The social media takes on Paterno's death

January 23, 2012|By John Timpane, Inquirer Staff Writer
  • Premature reports of Joe Paterno's death spread Saturday, drawing a crowd to the statue of the coach on the campus.

The death of Joe Paterno was two events in one.

The first was the close of a life of heroic peaks and a tragic denouement.

The second was the gigantic Internet shadow of the event: the tweets, blogs, posts, and retweets, reposts, and comments, from thousands, perhaps millions, of people across the Web. All major news events now cast this immense shadow. And it can affect the very news itself, as it did in this case.

Sadness and snark. The Internet lets thousands of individuals post their reactions instantly - to anything, an index of immediate emotion.

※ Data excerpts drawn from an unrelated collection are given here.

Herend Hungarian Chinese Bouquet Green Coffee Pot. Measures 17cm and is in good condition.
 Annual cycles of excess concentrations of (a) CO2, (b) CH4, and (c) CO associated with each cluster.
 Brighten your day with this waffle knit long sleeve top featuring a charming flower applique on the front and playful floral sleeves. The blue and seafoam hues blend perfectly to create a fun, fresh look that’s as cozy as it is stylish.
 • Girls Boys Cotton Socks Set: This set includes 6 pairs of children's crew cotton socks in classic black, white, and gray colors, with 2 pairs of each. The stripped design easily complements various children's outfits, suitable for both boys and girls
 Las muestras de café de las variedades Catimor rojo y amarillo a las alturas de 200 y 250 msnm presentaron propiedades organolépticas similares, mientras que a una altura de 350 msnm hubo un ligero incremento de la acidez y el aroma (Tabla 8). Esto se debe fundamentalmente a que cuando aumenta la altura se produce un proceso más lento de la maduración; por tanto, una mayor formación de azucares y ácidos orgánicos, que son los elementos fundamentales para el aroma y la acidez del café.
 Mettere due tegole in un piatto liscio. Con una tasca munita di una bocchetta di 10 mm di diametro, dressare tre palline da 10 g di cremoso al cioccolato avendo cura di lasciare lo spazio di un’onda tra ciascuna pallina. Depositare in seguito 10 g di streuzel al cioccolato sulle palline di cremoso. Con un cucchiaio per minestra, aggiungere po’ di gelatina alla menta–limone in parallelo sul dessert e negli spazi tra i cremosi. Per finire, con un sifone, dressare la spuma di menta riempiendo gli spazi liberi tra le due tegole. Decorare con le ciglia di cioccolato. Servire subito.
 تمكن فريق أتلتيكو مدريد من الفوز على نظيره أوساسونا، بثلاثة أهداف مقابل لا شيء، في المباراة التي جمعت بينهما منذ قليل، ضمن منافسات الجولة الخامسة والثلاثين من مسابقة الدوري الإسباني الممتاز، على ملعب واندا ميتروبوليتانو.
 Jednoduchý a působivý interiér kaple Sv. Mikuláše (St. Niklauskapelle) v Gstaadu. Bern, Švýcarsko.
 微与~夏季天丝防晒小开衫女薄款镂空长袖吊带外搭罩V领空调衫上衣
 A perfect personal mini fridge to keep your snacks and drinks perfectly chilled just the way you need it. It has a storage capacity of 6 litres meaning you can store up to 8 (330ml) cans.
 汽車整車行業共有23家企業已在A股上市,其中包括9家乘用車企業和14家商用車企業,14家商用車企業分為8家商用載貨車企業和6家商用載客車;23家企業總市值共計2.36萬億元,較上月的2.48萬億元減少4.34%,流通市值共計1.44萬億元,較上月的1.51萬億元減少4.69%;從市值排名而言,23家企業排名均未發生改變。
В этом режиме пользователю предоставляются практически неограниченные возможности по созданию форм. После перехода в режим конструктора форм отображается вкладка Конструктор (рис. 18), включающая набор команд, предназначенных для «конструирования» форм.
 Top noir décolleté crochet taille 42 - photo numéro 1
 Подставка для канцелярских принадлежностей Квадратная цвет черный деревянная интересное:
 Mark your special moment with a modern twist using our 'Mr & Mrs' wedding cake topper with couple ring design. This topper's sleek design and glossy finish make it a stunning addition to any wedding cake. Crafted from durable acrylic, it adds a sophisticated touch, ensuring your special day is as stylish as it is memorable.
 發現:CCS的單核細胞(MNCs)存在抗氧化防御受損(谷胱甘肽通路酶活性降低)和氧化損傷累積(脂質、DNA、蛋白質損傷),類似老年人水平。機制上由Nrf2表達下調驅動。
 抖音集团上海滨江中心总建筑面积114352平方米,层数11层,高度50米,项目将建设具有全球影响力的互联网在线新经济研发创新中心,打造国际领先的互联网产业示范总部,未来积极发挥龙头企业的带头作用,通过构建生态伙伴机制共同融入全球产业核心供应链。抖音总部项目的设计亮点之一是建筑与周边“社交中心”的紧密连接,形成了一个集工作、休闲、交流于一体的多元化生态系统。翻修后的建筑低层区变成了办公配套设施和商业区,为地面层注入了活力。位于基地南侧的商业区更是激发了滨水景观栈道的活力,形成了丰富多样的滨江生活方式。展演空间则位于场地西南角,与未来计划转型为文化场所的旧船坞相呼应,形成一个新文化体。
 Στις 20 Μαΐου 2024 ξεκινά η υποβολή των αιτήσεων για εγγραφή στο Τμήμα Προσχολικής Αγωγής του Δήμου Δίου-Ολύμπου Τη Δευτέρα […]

NFL.com posted several Penn State graduates, now NFL players, tweeting their thoughts on Paterno. The Eagles' DeSean Jackson tweeted: "R.I.P Joe Paterno many years at high success.. Legacy leads on!! Sendin my prayers to all friends an fam of the Paterno's." New York Jets linebacker Aaron Maybin tweeted: "Thank You Joe 4 taking a chance on me & helping to make me into the man I am today. i will never forget the lessons i learned from u." Similar mourning and sadness reverberated throughout the social-media world.

Story continues below.

But Paterno's final chapter, overshadowed by his troubling connection to the Jerry Sandusky scandal, also was reflected in the social-media reaction to his death. Beyond mourning and sadness, it continued the furious debate over sexual abuse of minors and the proper responsibilities of onlookers, colleagues, and superiors who suspect it is happening.

It was the same furious debate that has raged on radio, Twitter, cable TV, and the blogosphere since early November, when former Penn State defensive coordinator Sandusky was indicted by a grand jury on multiple charges of child molestation from 1994 to 2009. Paterno was soon fired by Penn State's board of trustees, who believed he had not done enough when he learned of the allegations from an assistant coach.

Lines were drawn immediately, between those outraged at the trustees' action and sensing a media attack on Paterno and those who felt that Paterno, if treated harshly, had indeed not done enough. And those lines were still much in evidence around the Web.